▶ **What the task requires**
Begin the copy at the line containing "欧米人風あだ名 | 『マイケルハクア』『ハクアクリステル』 |" and end it at the final line of the material below, reproducing each line exactly, without images.

___ Dataset excerpts

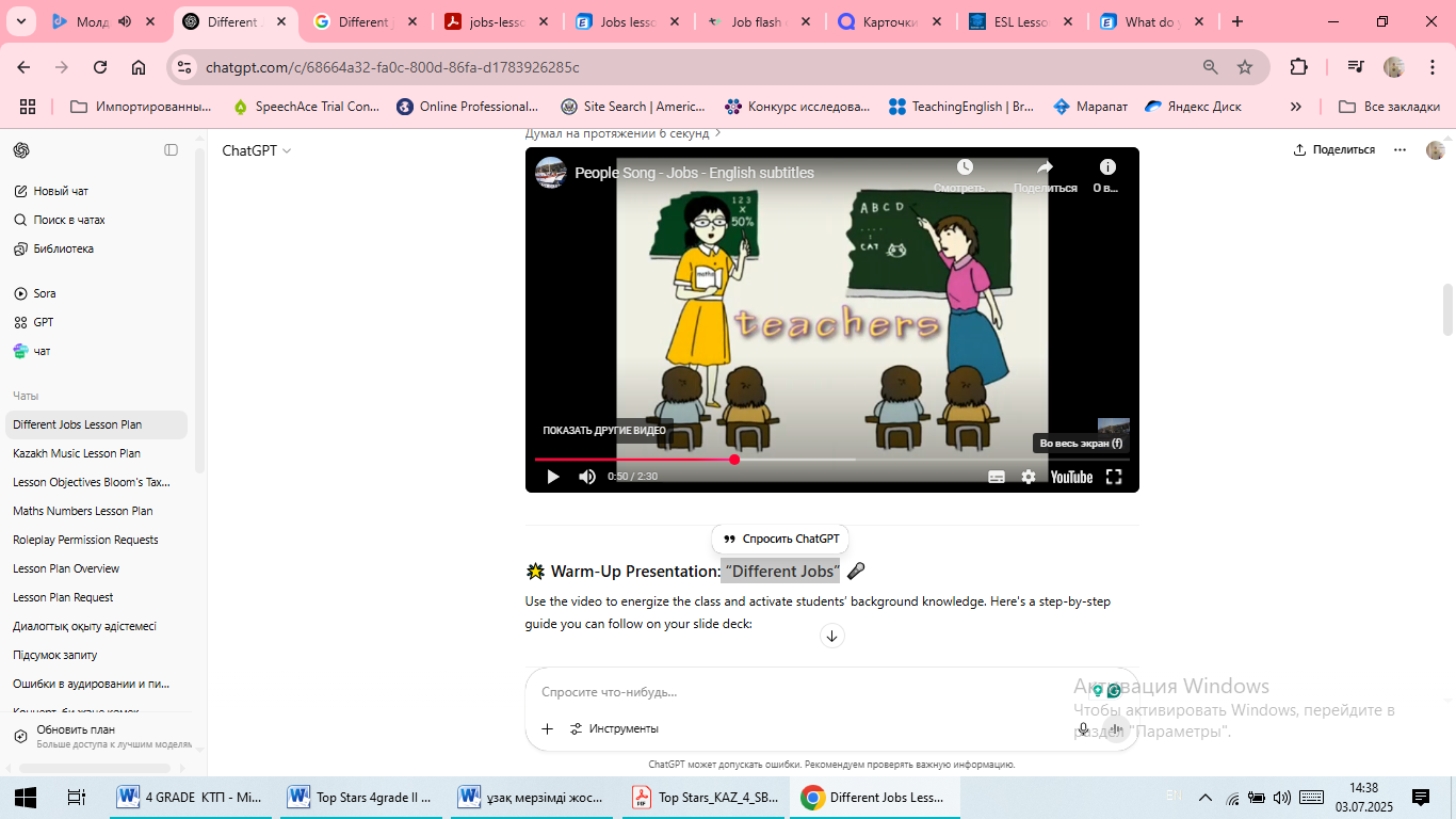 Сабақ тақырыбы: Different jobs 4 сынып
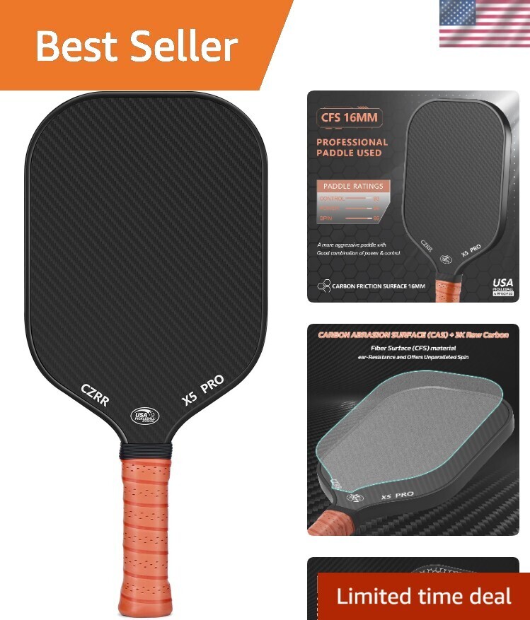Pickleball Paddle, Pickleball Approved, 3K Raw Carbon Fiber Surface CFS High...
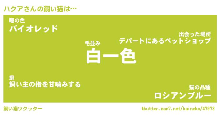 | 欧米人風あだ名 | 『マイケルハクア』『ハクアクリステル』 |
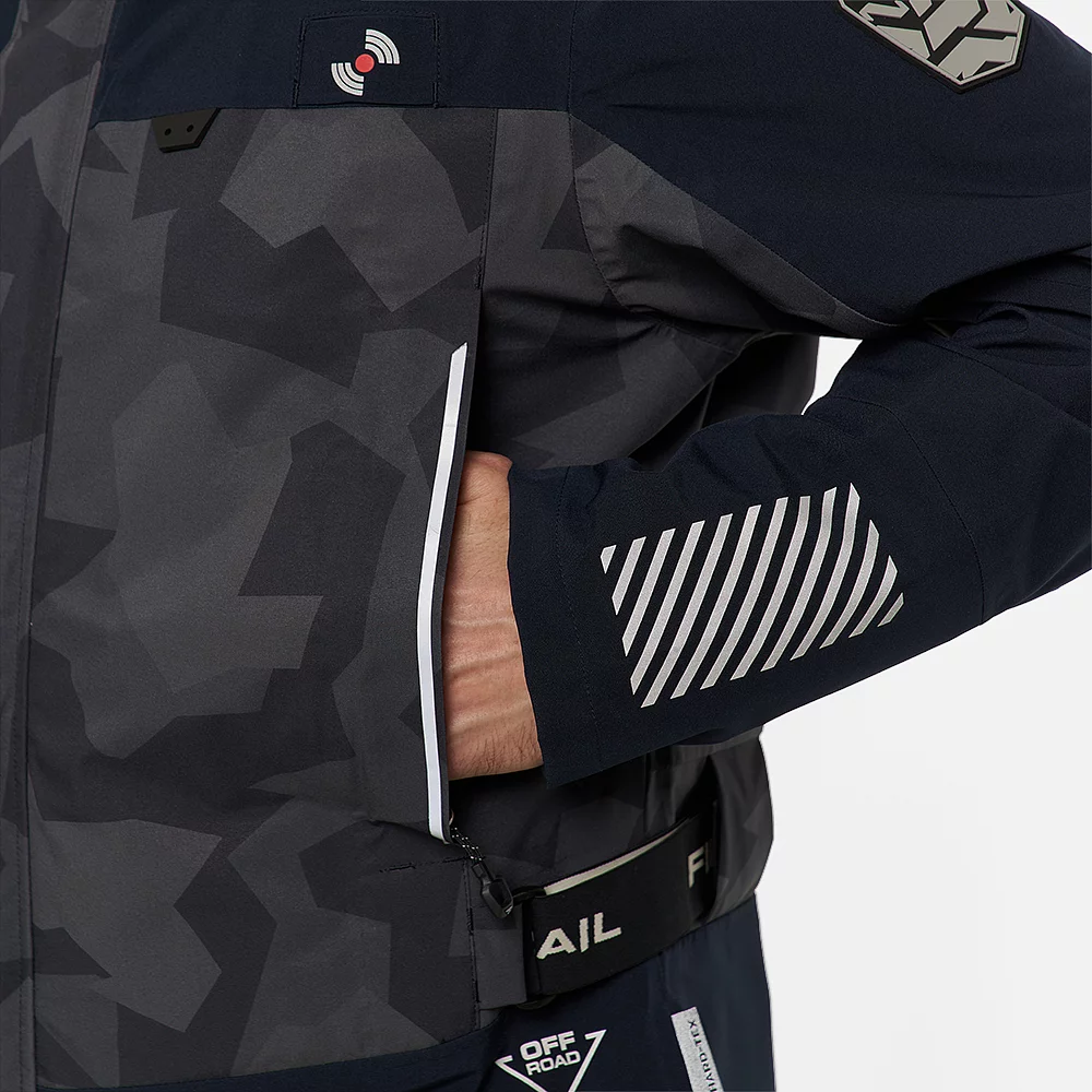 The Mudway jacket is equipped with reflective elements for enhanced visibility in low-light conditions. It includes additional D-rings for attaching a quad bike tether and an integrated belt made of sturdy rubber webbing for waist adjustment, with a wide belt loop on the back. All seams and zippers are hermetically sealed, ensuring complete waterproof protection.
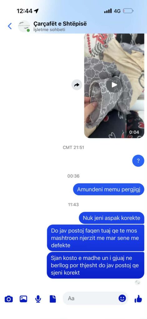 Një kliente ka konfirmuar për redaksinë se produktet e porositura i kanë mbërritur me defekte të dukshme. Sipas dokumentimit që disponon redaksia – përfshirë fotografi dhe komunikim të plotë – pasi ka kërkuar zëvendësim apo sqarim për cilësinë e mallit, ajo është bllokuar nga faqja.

______

▶ **Completed exercise**
 | 欧米人風あだ名 | 『マイケルハクア』『ハクアクリステル』 |
 The Mudway jacket is equipped with reflective elements for enhanced visibility in low-light conditions. It includes additional D-rings for attaching a quad bike tether and an integrated belt made of sturdy rubber webbing for waist adjustment, with a wide belt loop on the back. All seams and zippers are hermetically sealed, ensuring complete waterproof protection.
 Një kliente ka konfirmuar për redaksinë se produktet e porositura i kanë mbërritur me defekte të dukshme. Sipas dokumentimit që disponon redaksia – përfshirë fotografi dhe komunikim të plotë – pasi ka kërkuar zëvendësim apo sqarim për cilësinë e mallit, ajo është bllokuar nga faqja.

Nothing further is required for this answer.